When people repeat the test many times, the results will be the closed express values, which make the trials look deterministic. However, for each trial, the result is random. So, it looks like pseudo random numbers.

#### Mod

Let $n \in \N$ and $m \in \N^+$, then by Division Algorithm, $\exists q, \, r \in \N \;\text{with}\; 0\leq r \lt m, \; \text{s.t.}\; n = mq+r$, where $q$ is called the quotient and $r$ the remainder. Hence we can define a binary function $\mod : \N \times \N^+ \rightarrow \N$ given by $r:=n \mod m$ which returns the remainder after division by m.
Generally, mod means taking the reminder after division by m.
We say that n is congruent to r mod m if n = mq + r, where m is an integer. Values are between 0 and m-1
if y = ax + b, then $b:=y \mod a$.

Example 1:

$30 = 4 \cdot 7 + 2$

$2 := 30\mod 7$

$25 = 8 \cdot 3 + 1$

$1: = 25\mod 3$

$-3=5\cdot (-1)+2$

$2:=-3\mod 5$

Example 2:

If $23 = 3 \cdot 6 + 5$

Then equivalently, $5 := 23\mod 6$

If $31 = 31 \cdot 1$

Then equivalently, $0 := 31\mod 31$

If $-37 = 40\cdot (-1)+ 3$

Then equivalently, $3 := -37\mod 40$

Example 3:
$77 = 3 \cdot 25 + 2$

$2 := 77\mod 3$

$25 = 25 \cdot 1 + 0$

$0: = 25\mod 25$

Note: $\mod$ here is different from the modulo congruence relation in $\Z_m$, which is an equivalence relation instead of a function.

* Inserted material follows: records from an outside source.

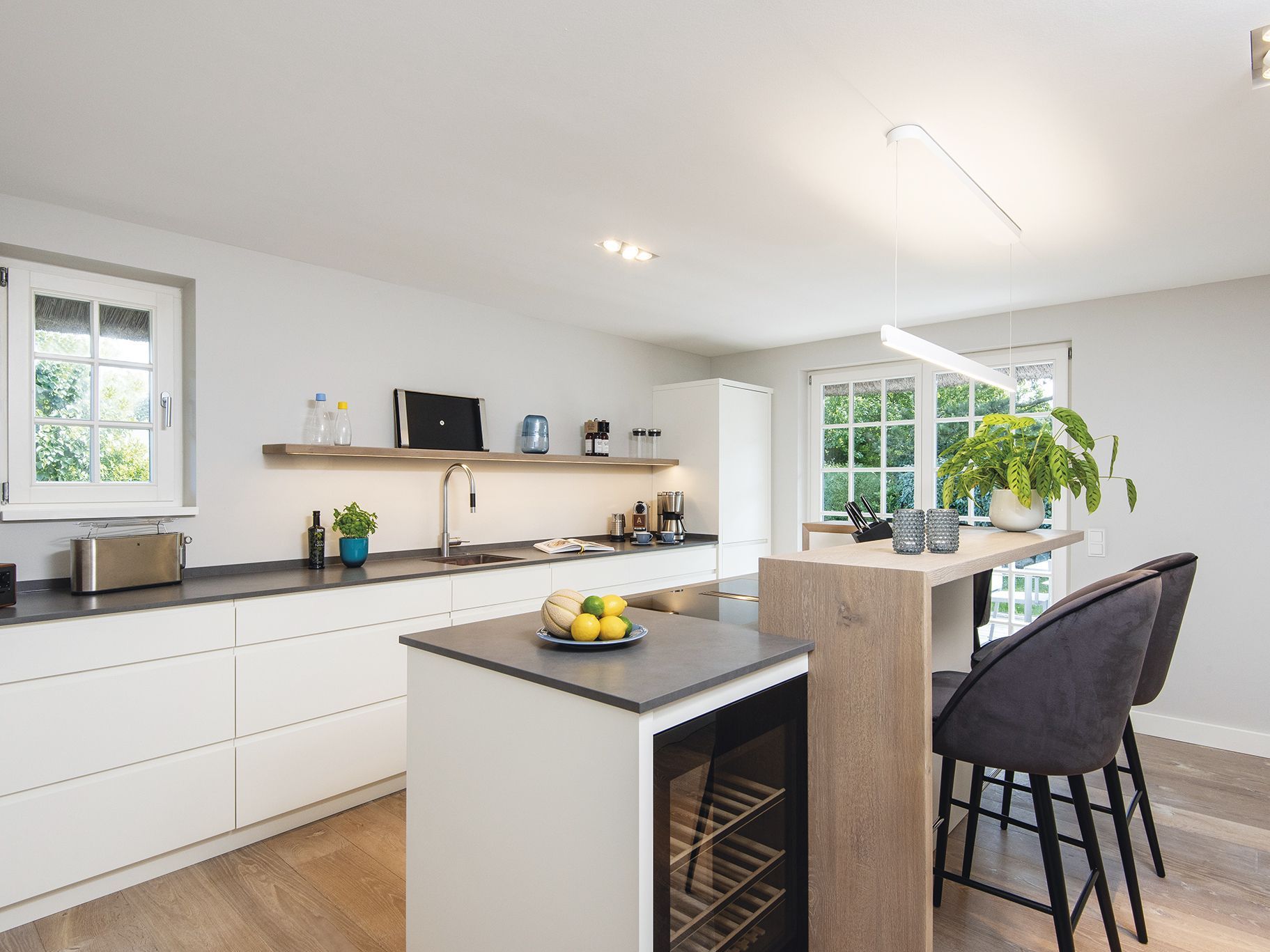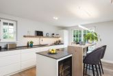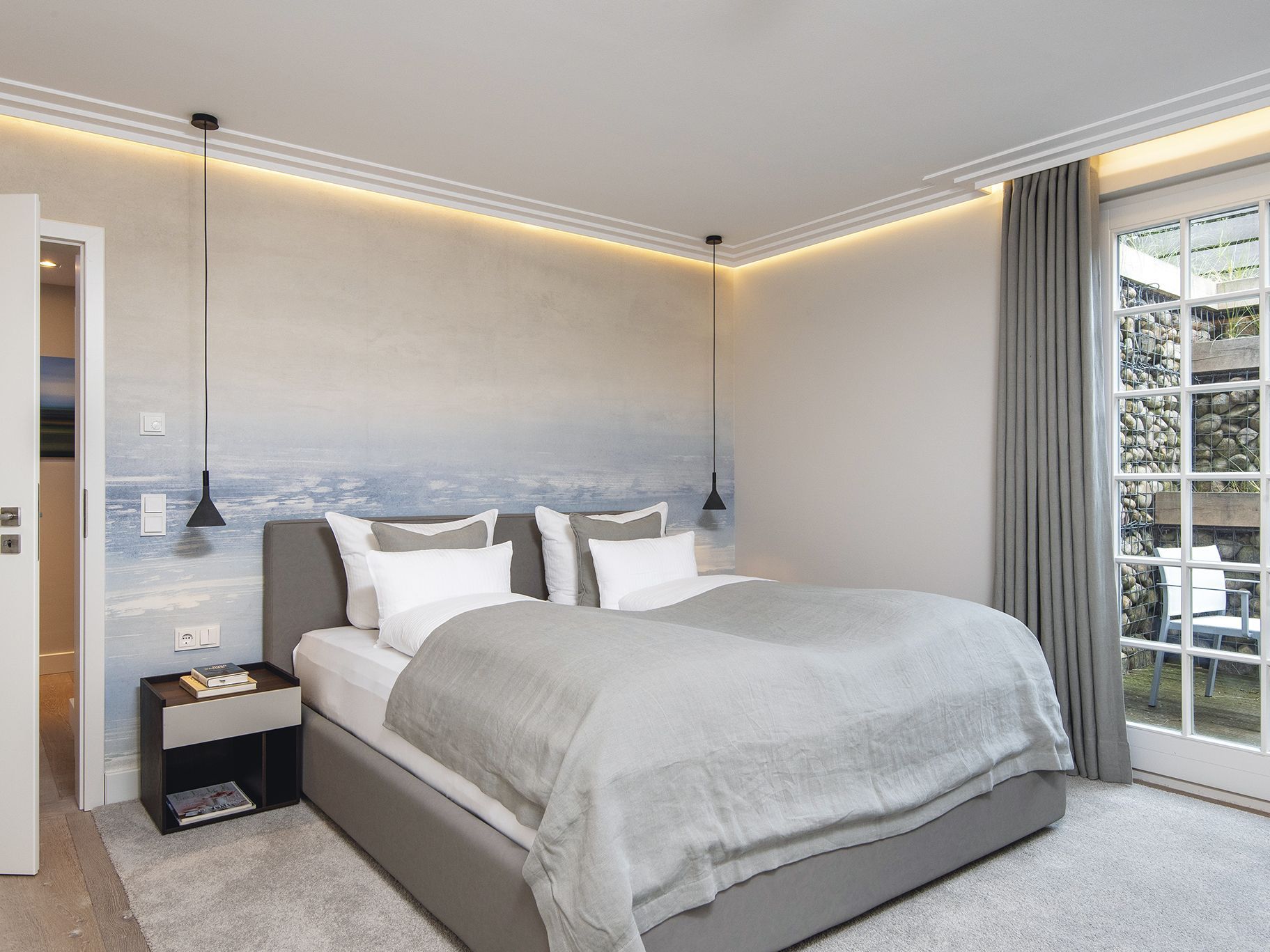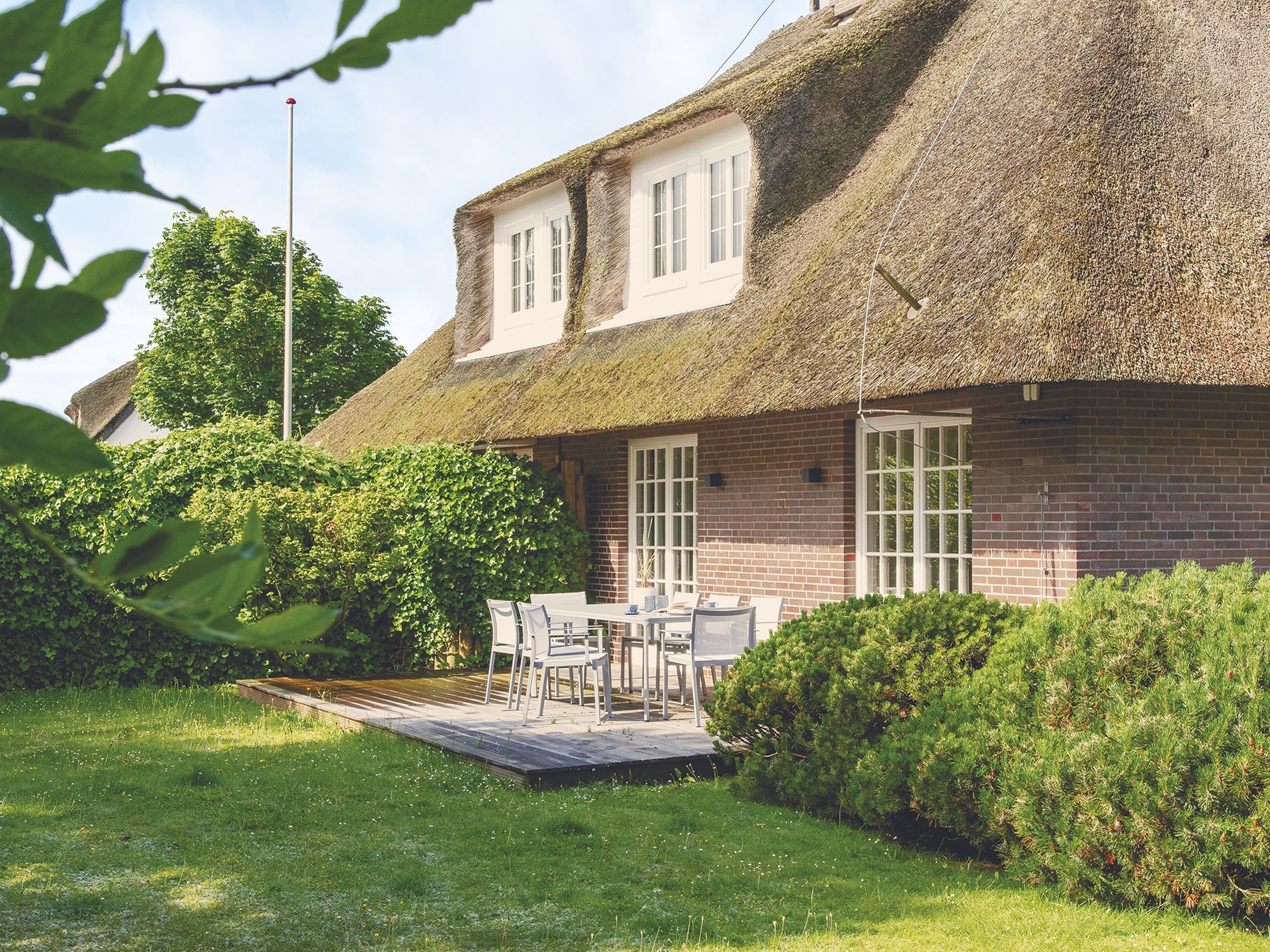 Frisch und luftig ist die Atmosphäre in diesem schönen Hausteil im Süden Kampens. Modernes Ambiente empfängt Sie im Flur. Von hier erreichen Sie den Wohn-Essbereich mit großem Esstisch, bequemem Loungesofa, Kamin und Zugang zur Südterrasse. Indirekte Beleuchtung und ein elektrischer Kamin sorgen für Gemütlichkeit, wie sie das gesamte Quartier erfüllt. Gegenüber die geräumige voll ausgestattete Küche mit Kochinsel, kleinem Essplatz am Tresen und Zugang zur Frühstücksterrasse. Ebenerdig findet sich noch ein modern eingerichtetes Doppelschlafzimmer und ein hochwertiges Bad mit ebenerdiger Dusche und Doppelwaschbecken. Im Obergeschoss erwartet Sie der Masterbedroom für Zwei, sowie ein geräumiges Bad mit Doppelwaschbecken. Über die Treppe ins Untergeschoss finden Sie zwei Doppelschlafzimmer mit Verbindungstür, eines davon mit privater Souterrain-Terrasse und ein weiteres Bad mit ebenerdiger Dusche und Doppelwaschbecken. Das Highlight dieser Etage ist der großzügige Wellnessbereich mit geräumiger Sauna, Erlebnisdusche und gemütlicher Relaxinsel, wo sich alle Widrigkeiten des Nordseewetters bestens aushalten lassen. Dieses schöne Hausteil erfüllt alle (Friesen-) Träume!
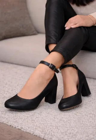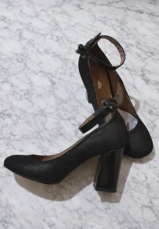 Eleganti décolleté nere con cinturino alla caviglia e tacco largo. - Materiale effetto glitter. - Chiusura con fibbia. - Tacco largo e squadrato con finitura lucida.
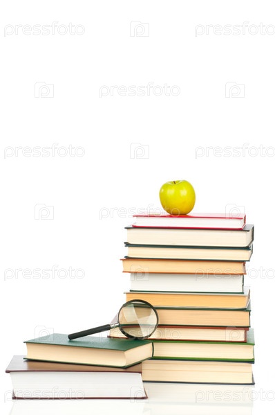 Стопка книг с яблоком и лупой

The modulo operation is useful for determining if an integer divided by another integer produces a non-zero remainder. But both integers should satisfy $n = mq + r$, where $m$, $r$, $q$, and $n$ are all integers, and $r$ is smaller than $m$. The above rules also satisfy when any of $m$, $r$, $q$, and $n$ is negative integer, see the third example.

#### Mixed Congruential Algorithm

We define the Linear Congruential Method to be $x_{k+1}=(ax_k + b) \mod m$, where $x_k, a, b, m \in \N, \;\text{with}\; a, m \neq 0$. Given a seed (i.e. an initial value $x_0 \in \N$), we can obtain values for $x_1, \, x_2, \, \cdots, x_n$ inductively. The Multiplicative Congruential Method, invented by Berkeley professor D. H. Lehmer, may also refer to the special case where $b=0$ and the Mixed Congruential Method is case where $b \neq 0$
. Their title as "mixed" arises from the fact that it has both a multiplicative and additive term.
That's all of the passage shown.